* [Records shown]
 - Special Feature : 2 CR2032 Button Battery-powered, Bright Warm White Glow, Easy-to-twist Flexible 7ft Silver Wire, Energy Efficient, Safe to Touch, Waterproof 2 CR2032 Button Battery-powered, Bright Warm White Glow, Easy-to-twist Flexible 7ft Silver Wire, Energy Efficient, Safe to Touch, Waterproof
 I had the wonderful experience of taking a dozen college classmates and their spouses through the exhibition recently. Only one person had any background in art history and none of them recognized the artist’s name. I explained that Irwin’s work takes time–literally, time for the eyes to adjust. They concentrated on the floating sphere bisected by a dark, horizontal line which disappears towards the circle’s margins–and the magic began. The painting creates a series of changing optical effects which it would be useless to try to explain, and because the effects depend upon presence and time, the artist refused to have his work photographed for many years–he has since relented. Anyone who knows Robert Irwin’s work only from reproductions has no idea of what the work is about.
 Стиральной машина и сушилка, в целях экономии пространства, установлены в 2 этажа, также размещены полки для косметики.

...

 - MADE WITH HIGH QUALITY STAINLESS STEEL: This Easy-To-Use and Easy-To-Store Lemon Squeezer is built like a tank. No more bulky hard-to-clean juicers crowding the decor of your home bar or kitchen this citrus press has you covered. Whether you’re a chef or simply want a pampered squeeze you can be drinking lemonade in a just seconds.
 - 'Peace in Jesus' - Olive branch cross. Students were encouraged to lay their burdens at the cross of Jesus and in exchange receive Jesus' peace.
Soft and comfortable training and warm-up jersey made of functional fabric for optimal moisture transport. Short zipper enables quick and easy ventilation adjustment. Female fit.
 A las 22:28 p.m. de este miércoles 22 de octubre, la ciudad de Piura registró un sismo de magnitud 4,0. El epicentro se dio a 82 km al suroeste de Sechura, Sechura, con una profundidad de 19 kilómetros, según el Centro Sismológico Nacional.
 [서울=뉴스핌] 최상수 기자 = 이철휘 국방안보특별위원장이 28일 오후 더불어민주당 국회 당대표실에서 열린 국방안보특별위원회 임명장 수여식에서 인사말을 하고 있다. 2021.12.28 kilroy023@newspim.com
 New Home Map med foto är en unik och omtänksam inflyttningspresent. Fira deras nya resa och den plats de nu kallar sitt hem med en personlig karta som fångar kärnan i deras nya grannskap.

* [Exercise objective] Copy all the lines from the data above that hold the word "their".

* [Response to this task]
 I had the wonderful experience of taking a dozen college classmates and their spouses through the exhibition recently. Only one person had any background in art history and none of them recognized the artist’s name. I explained that Irwin’s work takes time–literally, time for the eyes to adjust. They concentrated on the floating sphere bisected by a dark, horizontal line which disappears towards the circle’s margins–and the magic began. The painting creates a series of changing optical effects which it would be useless to try to explain, and because the effects depend upon presence and time, the artist refused to have his work photographed for many years–he has since relented. Anyone who knows Robert Irwin’s work only from reproductions has no idea of what the work is about.
 - 'Peace in Jesus' - Olive branch cross. Students were encouraged to lay their burdens at the cross of Jesus and in exchange receive Jesus' peace.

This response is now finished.